I have a redundant Torturous: COLON. I find that I can’t let my stomach get empty. That’s when the nausea starts so I do have to graze throughout the day which is very difficult for me because I’ve never done that before. This is a tricky disorder. I can’t eat too much or I get bloated. If I don’t eat enough I get bloated if I eat the wrong thing or at the wrong time I get pain. Every morning I wake up with pain scan my body have a few Sips of coffee and usually I can have a decent BM but not always. I have found Lactulose solution which was prescribed by my G.I. has helped tremendously in emptying out however, stress and anxiety are my biggest obstacles

Some things that work for me that may work for you:

Avoid eating "heavy" foods at dinner (meat, fish, fat) and watch your intake of "dense" foods like heavy, dense bread.

Eat cooked veggies and fruit. I eat cooked parsnips and the few other things I can tolerate for their fiber content and low FODMAP status. (some say a long colon can trigger FODMAP issues). Also, ground chia seed is something to consider, as well as lactose-free milk products. I can handle raw kiwi (check out the study on how well it works for stubborn constipation) and papaya.

I have less nausea with the Intoleran brand dietary enzymes for food intolerances. A game changer.

Ten up and then ten down stomach massages expel bloat. Check the UK's National Health System (NHS) posting on constipation: https://www.torbayandsouthdevon.nhs.uk/uploads/25773.

Get your rest and sleep.

A huge problem for me was anxiety and sometimes sleep. I cope three ways now:

1) a micro-dose of melatonin (300 mcg pill cut in half) nightly. I am super sensitive to meds and supps. Others may need more, but start with less. Too much disturbs your circadian rhythm.

2) Hilma Gentle Bowel Support (2 a day) - I did not notice a stool improvement but it proved to be the missing link in ending my general 24/7 anxious state. A lot of research on magnesium and anxiety on the net.
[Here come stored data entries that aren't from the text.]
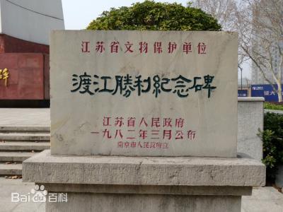 渡江勝利紀念碑--—位于江蘇省南京市鼓樓區(qū)熱河路廣場中心,建于1979年4月。遠遠望去,整座紀念碑如同一艘乘風破浪的戰(zhàn)艦。碑座正面鐫刻鄧小平手書“渡江勝利紀念碑”,背面鐫刻毛澤東手跡《七律·人民解放軍占領南京》。
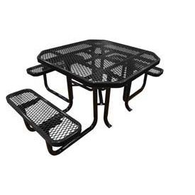 Metal Mesh Picnic Table ADA Compliant Octagonal Table - Expanded Metal - Surface Mounted Built to last and highly attractive, these commercial grade picnic tables and benches are constructed of 9 gauge expanded metal that features a diamond pattern. Finished to endure the elements with virtually no maintenance. Tops and seats are coated with a rugged thermoplastic layer that's attractive and durable. Surface mounted models allow floor anchoring for stability. Galvanized tubular steel legs and supports are protected with a black powder coat finish and designed for strength and stability. Table top features a 2 diameter opening to accept an umbrella with a pole of up to 1-1/2 diameter ( Umbrellas & Umbrella Bases sold separately). ADA compliant models have 1 less bench for handicap accommodation. Measures 80"W x 30 1/2"H with 12"D x 18"H benches. Benches are 38"L. Easy assembly. 0.00 L. 0.00 W. 0.00 H.
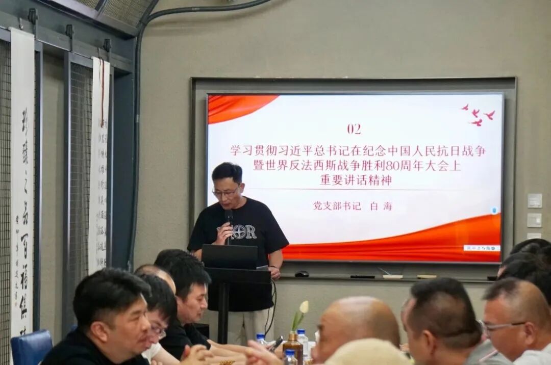 随后,商会党支部书记白海带领与会人员学习习近平总书记在纪念中国人民抗日战争暨世界反法西斯战争胜利80周年大会上的重要讲话精神。白海强调,习近平总书记提出的伟大抗战精神,即天下兴亡、匹夫有责的爱国情怀,视死如归、宁死不屈的民族气节,是激励商会和会员企业奋发图强的强大精神动力。商会将继续传承和弘扬抗战精神,把爱国情怀转化为推动企业发展和社会贡献的实际行动。
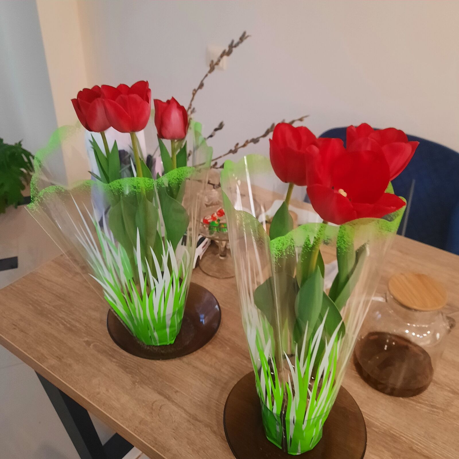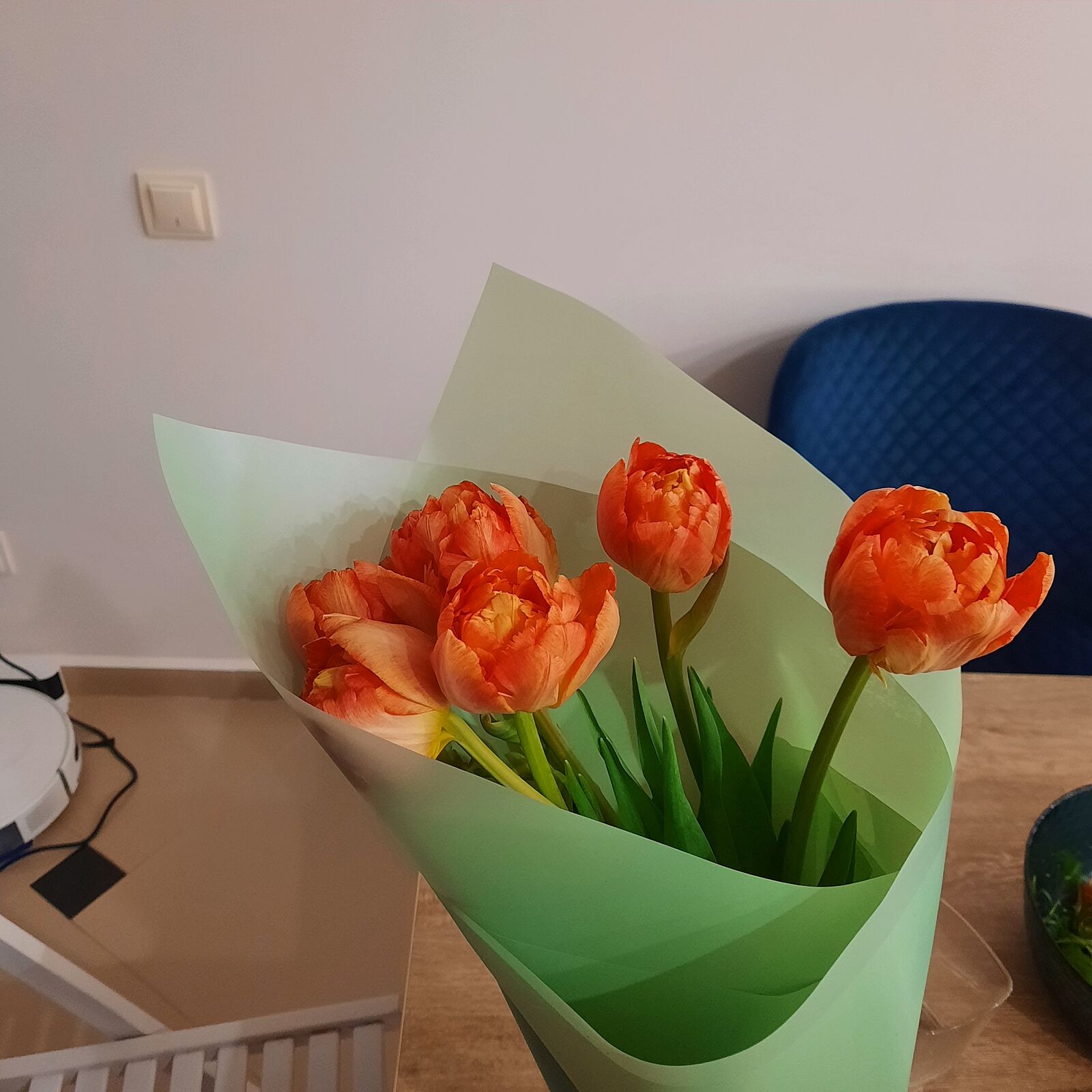 2016м и 2022м мне цветы приносил курьер, муж был на востоке. А в этом дома, я этому больше радуюсь , чем родарку и цветам

3) Cognitive Behavioral Therapy for anxiety, which is just a deep state of relaxation. I learned in a 7 week course with a therapist, but there must be some relaxation recordings to listen to. After 7 weeks of daily listening, you have retrained your brain. You only need the tapes for a refresher or because you want to listen.

And make work-life balance a priority. A rested, destressed you will be more productive too. It took me awhile to realize I just wasn't that important ---my ego kept me on the race track.

BTW, good to know about Lactulose.

And when I feel I need to explain my health situation, I do so by analogy. It is as if I had diabetes and managed it solely with food. I have to watch what I eat.